In France, the decline in volume imports during 2005 has continued into 2006. French imports fell two per cent last year to 15,700 tonnes, compared to 2004. For the first two months of this year, imports are down four per cent compared to the same period last year.

The decline in France's imports this year was mostly due to a fall in volumes from Iceland and Norway. Imports from Iceland fell by 37 per cent, and from Norway by 14 per cent compared to the January to February 2005 period. The country's imports from China are down slightly this year following a 23 per cent increase during 2005. China's share of French imports is up to just over 22 per cent of the total.

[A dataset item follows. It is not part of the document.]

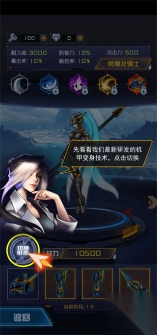 3、完成机甲选择后,点击下方的“切换形态”即可实现变身。此外,这里还提供武器,能用于装扮自己的机甲。

For the early months of 2006, China was the leading supplier of frozen cod fillets to the French market. Norway, the top supplier in recent years, has dropped to second position in volume terms although it remains the leading supplier in value terms.

China is also forging ahead in the UK market, the largest European importer of cod fillets. The UK imported 79,080 tonnes last year, a slight drop from 2004.

China overtook Iceland to become the second volume supplier just behind Denmark, which remains the number one exporter to the UK despite an 11 per cent fall in supplies during 2005. Meanwhile China increased its supplies to the UK market by 10 per cent to 16,470 tonnes.

China's increasing penetration of the UK market is based on its low cost production advantage over traditional European suppliers, stated O'Sullivan.

UK import unit values confirm China as the lowest cost supplier among leading exporters, he said. Average unit values for frozen cod fillets from China was £2.48, compared to £3.80 from Iceland, £3.35 from Norway, and £3.11 from Denmark.

China is getting competition from the Russian Federation, registered the biggest percentage increase last year. Supplies of fillets to the UK from this source jumped 35 per cent on 2004 to 9,000 tonnes last year.

The UK's frozen cod imports have been stable in recent years at around 79,000 tonnes, Globefish reported.